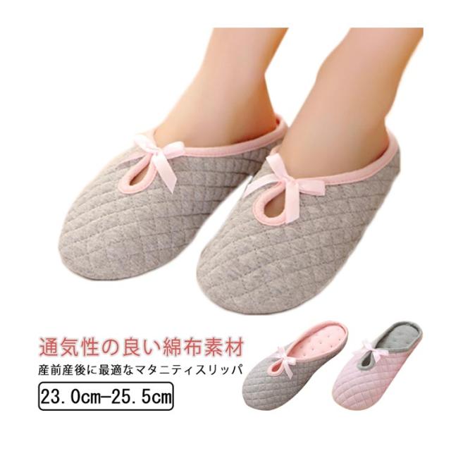 綿布 柔らかい あったか 春夏用 月子用 室内用 ルームシューズ スリッパ 妊婦用 リボン付き おしゃれ コットン 滑り止め 産前 産後 春夏用 室内履き 静音 グレー
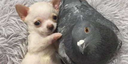 Щеня чихуахуа та голуб стали друзями.
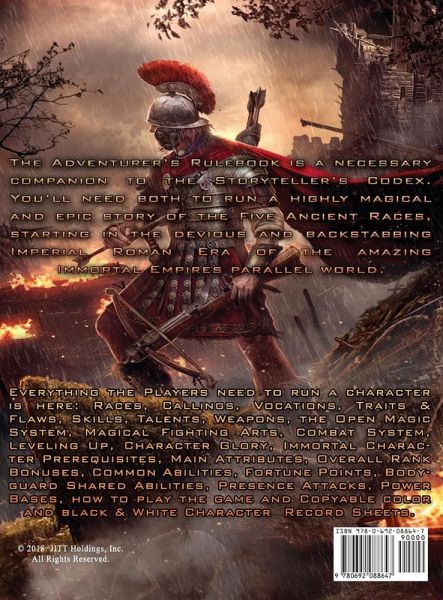 Great Art. Great Game System. Great Game! In The Adventurer's Rulebook, players will find all the rules, character generation, skill explanations, race, calling, vocations, open magic system, player major and minor fighting art powers and explanations, combat & tactics for the first through the seventh ages of game play, as well as color and black and white character record sheets for copying. The alternate game world draws on our history but adds five very special (and powerfully magical) ancient races, dragons, fey, and the evil demigod-like creatures called Marunes who try to destroy civilization. This book is companion to The Storyteller's Codex which holds more secret information the players should not know initially. If you are a player, having your own copy of this book is a MUST. If you are a Storyteller, then you should have this book in addition to The Storyteller's Codex. This is a brand new game system that is NOT watered down. It aims at those stalwart lovers of tabletop RPG games that allowed you to tweak characters in a variety of ways, all the while adding to rich character development and plot intrigue. The straightforward yet welcome complexity of the system, coupled with the backstabbing potential of devious political (even player vs. player) subterfuge (and powerful spells and dazzling swordplay and -- let's not forget -- sexy, powerful women) make our intended audience for this game a Mature audience. This game book covers all game play for five ancient races (Astorians (Ancient Romans), Arkadians (Celtic ancestors), Ammorians (Aegyptian/African ancestors), Oshekogans (ancient Chinese ancestors), and Atlanteans from the pre-historic era (The Beginnings) of the First Age, The Legends of the Second Age, the Power of the Third Age, the War of the Fourth Age, the Republican Era of the Fifth Age, the Imperial Era of the Sixth Age, and the magical explosion of the Seventh Age where the world is saturated with the magical Weave. The other three ages (the Dead World of the Eighth Age, the Cyber Age, and the Galactic Age) have their own book.

━━━━━━━━━━━━━━━━━━━━━━━━━━━━━━

DIRECTIONS – Retyping should start at the first line of the data above and stop after the line with "Щеня чихуахуа та голуб стали друзями.", and no picture should be included.

SOLUTION FOR THIS EXERCISE –
 綿布 柔らかい あったか 春夏用 月子用 室内用 ルームシューズ スリッパ 妊婦用 リボン付き おしゃれ コットン 滑り止め 産前 産後 春夏用 室内履き 静音 グレー
 Щеня чихуахуа та голуб стали друзями.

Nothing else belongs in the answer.